Ama seyahate çıkmak ve özellikle bilimsel
platformlarda olmak bana çok iyi geliyor. Bir ilişki ağı (network) kuruyor,
yeni şeyler öğreniyorum. Ayrıca, “ben de yapabiliyorum” düşüncesiyle motive
oluyorum.
Verdiğim eğitimlere, hazırladığım instagram reelsleri ve
youtube videolarımdan bakabilirsiniz. Çok iyi değiller ama bir fikir verebilir.
İdare ediniz lütfen 😉
İyi ki gittim, iyi ki dersler verdim, iyi ki tanıdım. Allah tez zamanda yeniden nasip etsin.
***
Aşağıya, oradayken aldığım birkaç notu bırakıyorum. Önce eğitimle ilgili olanları paylaşayım:
- Uluslararası platformlarda olmak muhteşem bir tecrübe. Çok şey öğreniyorsunuz. Sosyal karşılaştırma yaparak eksiklerinizi ve artılarınızı görüyorsunuz.
- Bu nedenle üniversiteler ve diğer kurumlar akademisyenlerin uluslararası aktivitelerini daha çok desteklenmeli ki bilimsel evrensellik yakalanabilsin.

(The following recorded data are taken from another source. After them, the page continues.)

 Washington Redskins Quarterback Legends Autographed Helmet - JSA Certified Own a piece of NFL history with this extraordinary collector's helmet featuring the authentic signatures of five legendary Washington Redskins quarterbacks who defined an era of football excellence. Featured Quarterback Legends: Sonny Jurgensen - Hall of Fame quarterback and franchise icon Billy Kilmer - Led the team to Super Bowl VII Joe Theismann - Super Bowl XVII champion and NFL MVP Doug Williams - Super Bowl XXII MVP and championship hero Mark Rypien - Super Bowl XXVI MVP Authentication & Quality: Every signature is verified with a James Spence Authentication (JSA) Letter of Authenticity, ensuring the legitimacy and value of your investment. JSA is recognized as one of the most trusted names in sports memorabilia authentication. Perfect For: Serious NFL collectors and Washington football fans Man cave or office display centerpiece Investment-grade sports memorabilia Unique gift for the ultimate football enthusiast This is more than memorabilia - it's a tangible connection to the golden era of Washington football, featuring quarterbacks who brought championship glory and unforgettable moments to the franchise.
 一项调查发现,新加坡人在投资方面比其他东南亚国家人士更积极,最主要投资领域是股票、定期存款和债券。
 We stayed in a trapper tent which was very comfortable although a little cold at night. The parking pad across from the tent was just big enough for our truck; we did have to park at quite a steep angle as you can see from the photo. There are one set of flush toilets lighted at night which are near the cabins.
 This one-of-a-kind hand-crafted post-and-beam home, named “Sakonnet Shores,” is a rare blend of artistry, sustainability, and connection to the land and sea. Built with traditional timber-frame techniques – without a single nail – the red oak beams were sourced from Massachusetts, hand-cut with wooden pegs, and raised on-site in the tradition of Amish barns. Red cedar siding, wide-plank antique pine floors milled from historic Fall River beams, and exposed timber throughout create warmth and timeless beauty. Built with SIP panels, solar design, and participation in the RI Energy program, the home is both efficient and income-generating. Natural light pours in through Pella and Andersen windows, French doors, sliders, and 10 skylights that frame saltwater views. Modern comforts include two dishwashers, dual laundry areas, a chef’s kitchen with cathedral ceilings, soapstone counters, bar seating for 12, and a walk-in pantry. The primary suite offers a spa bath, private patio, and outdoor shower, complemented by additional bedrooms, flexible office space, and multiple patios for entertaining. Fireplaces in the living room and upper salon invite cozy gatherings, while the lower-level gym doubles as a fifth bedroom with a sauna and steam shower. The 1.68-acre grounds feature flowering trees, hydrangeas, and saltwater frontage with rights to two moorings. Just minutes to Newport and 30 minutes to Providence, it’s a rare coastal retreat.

- Almanya’da Üniversite eğitimi çok titiz yürütülüyor. Ne var ki müfredatın sıkı takip edilmesi; esnekliği, çok yönlülüğü ve inisiyatif almayı bazen engelliyor.
- Bölümler arası iş birliği çok, geçişgenlik fazla ve alan engeli ve kısıtlaması nerdeyse yok.
- Özellikle sosyal bilimler öğrencileri eğitimlerini tamamlamak için farklı anlardan dersler almak zorundalar.
- Öğrenciler isterlerse birden fazla alanda yan dal yapabiliyorlar.
- Alman öğrenciler çok titiz ama çok da bilgili değiller. Ancak katiyetle çok ilgili ve pratikler.
- Yeni medya teknolojilerine olan alaka ve sosyal medya bağımlılığı sanırım bizim kadar yok.
- Üniversiteler çok temiz ve yaratıcı ortamlara sahipler.
- İnternet alt yapısı oldukça iyi.
- Öğrencilerin vakit geçirecekleri alanlar çok yeşil ve temiz.
- Kütüphaneler ve diğer tesisler ziyadesiyle aktif.
Almanya geneli gözlemlerim de şunlar:
- Alman halkı tutumlu ve ikinci el eşya kullanımı yaygın.
- Enerji israfının engellenmesi teşvik ediliyor.
- Gece erken yatılıyor ve sabah erken başlıyor.
- Sokak lambaları ve ışıklı tabelaların bir kısmı geceleri söndürülüyor.
- Ukrayna-Rusya savaşı onlarda II. Dünya Savaşı travmalarını uyandırmış gibi. Marketlerden un, yağ gibi temel maddeleri alıp stokluyorlarmış.